Assez facilement, la puissance de calcul d'une console comme la Xbox 360 permet d'en mettre plein la vue. Elle peut afficher des images d'une finesse et d'une richesse inédite jusque là, et offrir un terrain de jeu aux proportions aussi profondes que cinémascopes. Mais pour vraiment changer le gameplay, le surcroît de puissance d'une console
next-gen doit se pencher sur la modélisation de la physique des objets et l'intelligence artificielle. Plusieurs titres du lancement Xbox 360 en font dès aujourd'hui une jolie démonstration.
Tests effectués exceptionnellement sur un Plasma de 50' (Pioneer PDP-505HDE : résolution native de 1280x768, compatible 1080i, 7 milliards de
couleurs, relié à la Xbox avec le câble AV-HD (composante) fourni dans le pack Premium.
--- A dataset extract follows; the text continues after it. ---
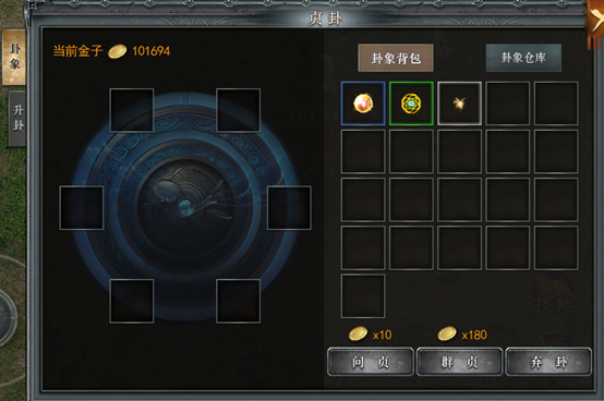 3、弃卦:可通过弃卦可将无用卦转化一定数量的金子;
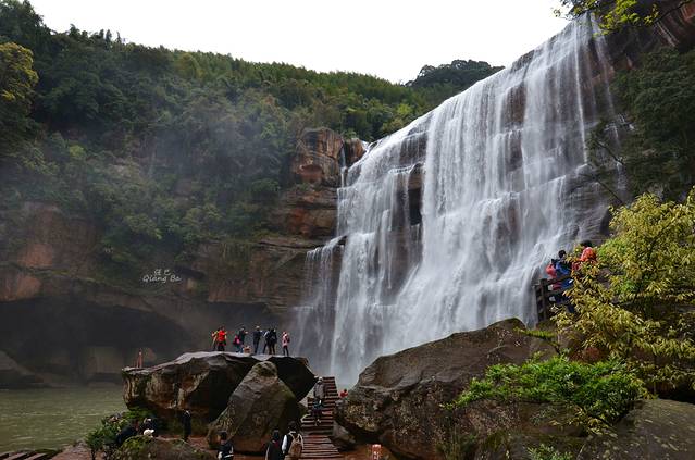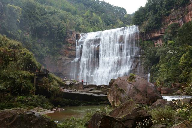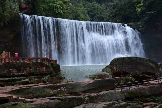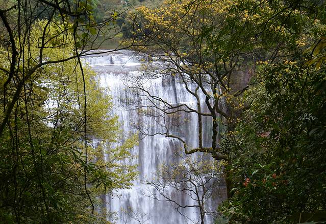 美人梳瀑布,中国帘状瀑布的典型代表,高18米,宽75米。

Xbox 360
réglée sur l'affichage maximal de 1080i (1920x1080).
Visuellement, Project Gotham Racing 3 reste d'un classicisme sans surprise. La qualité graphique du jeu en temps réel est même perfectible (aliasing et scintillements last-gen sont encore un peu là). Grâce à la surréaliste bande-annonce promotionnelle en 720p disponible en téléchargement sur le Xbox Live on constate, avec un peu de regret, que le jeu n'est pas de ce monstrueux niveau de qualité visuelle. Même la paisible balade piétonne dans son garage révèle des effets d'escaliers disgracieux. Un désappointement vite oublié après quelques tours.
Car ce qui fait la force du jeu n'est finalement pas visuel mais sensoriel. Avec un formidable flair, le studio
Bizarre Creations a utilisé une grande partie de la puissance de la Xbox 360 pour concrétiser une vue du cockpit totalement inédite à ce niveau de (pseudo) réalisme. La gestion physique de cette position repousse la frontière des sensations de conduite.
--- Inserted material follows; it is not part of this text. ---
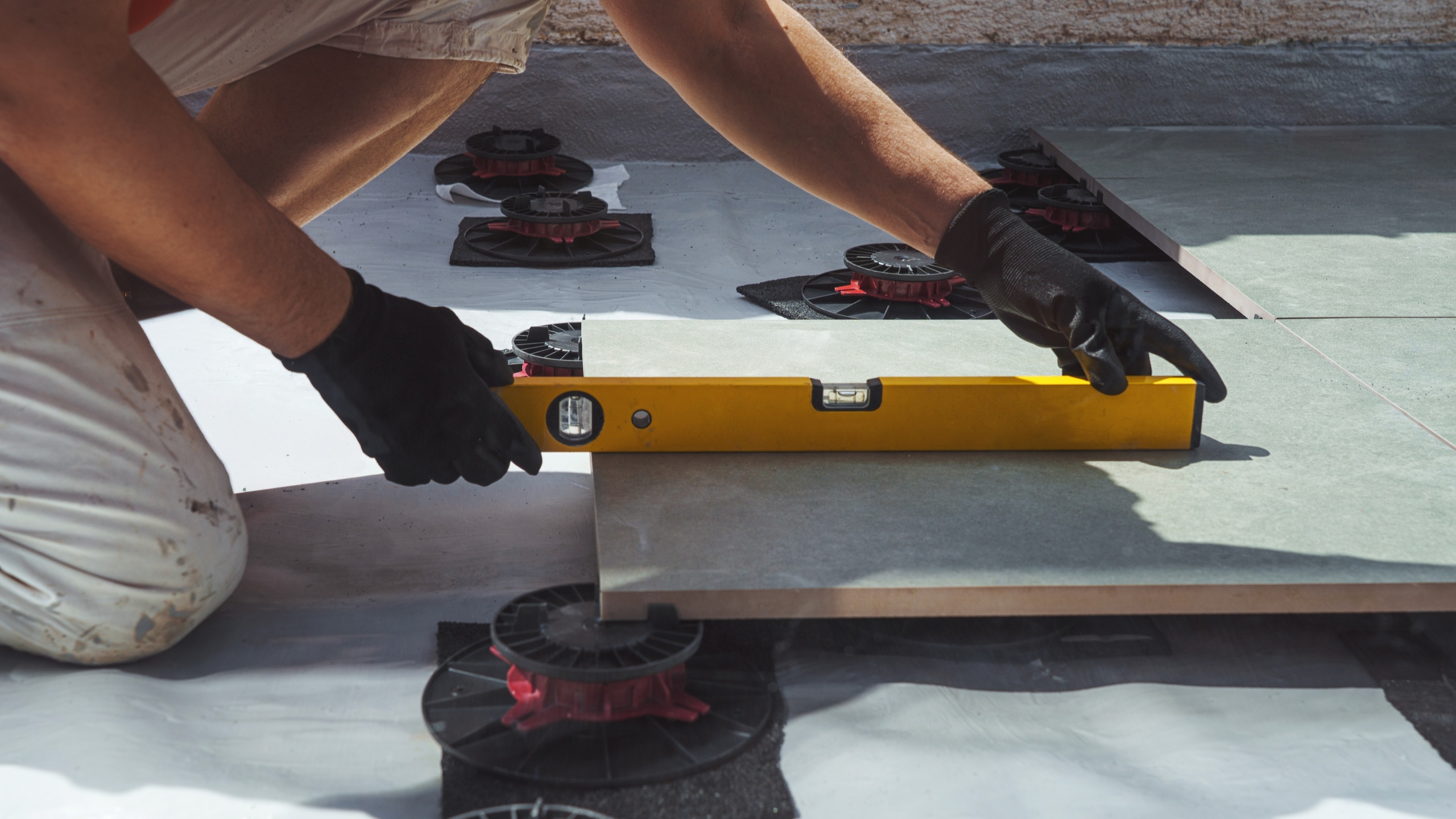 Контроль уровня. Проверьте, чтобы плитки находились на одном уровне.

Bien sûr, la reconstitution détaillée de l'intérieur de la voiture attire le regard mais, au fond, elle compte moins que son comportement physique pendant la course.
La disposition généreuse de l'espace intérieur participe déjà au conditionnement du joueur. Même s'ils ne servent guère, ce sont par exemple un, deux ou trois rétroviseurs qui regardent défiler la course à partir du cockpit et le stick droit permet de regarder à droite ou à gauche pendant la course. Mais la gifle sensorielle intervient totalement quand on prend la mesure des raffinements du comportement d'une carrosserie qui vibre et tressaute en fonction de chaque modèle de voiture, de la vitesse, et des aléas de la route. Bien que la carrosserie ne s'abîme pas en cas d'accident (un gros choc frontal plisse néanmoins légèrement le capot), plusieurs détails judicieusement élaborés confirment plus ou moins subliminalement l'immersion. Le pare-brise se salit peu à peu et accompagne les vibrations et autres sursauts ou déplacement sensibles du centre de gravité de la carrosserie. Les essuie-glaces vont même jusqu'à tressauter occasionnellement. Concrétisé par un échantillonnage étudié des sons du moteur, l'effet est stupéfiant. La puissance de calcul est ici mise au service de la reconstitution inédite d'un comportement physique tout en offrant un contexte, décors, publics, voitures, d'un niveau supérieur à ce qui existe. Avec ses imperfections et son sens aigu du plaisir,
PGR3 s'avère une bonne synthèse next-gen.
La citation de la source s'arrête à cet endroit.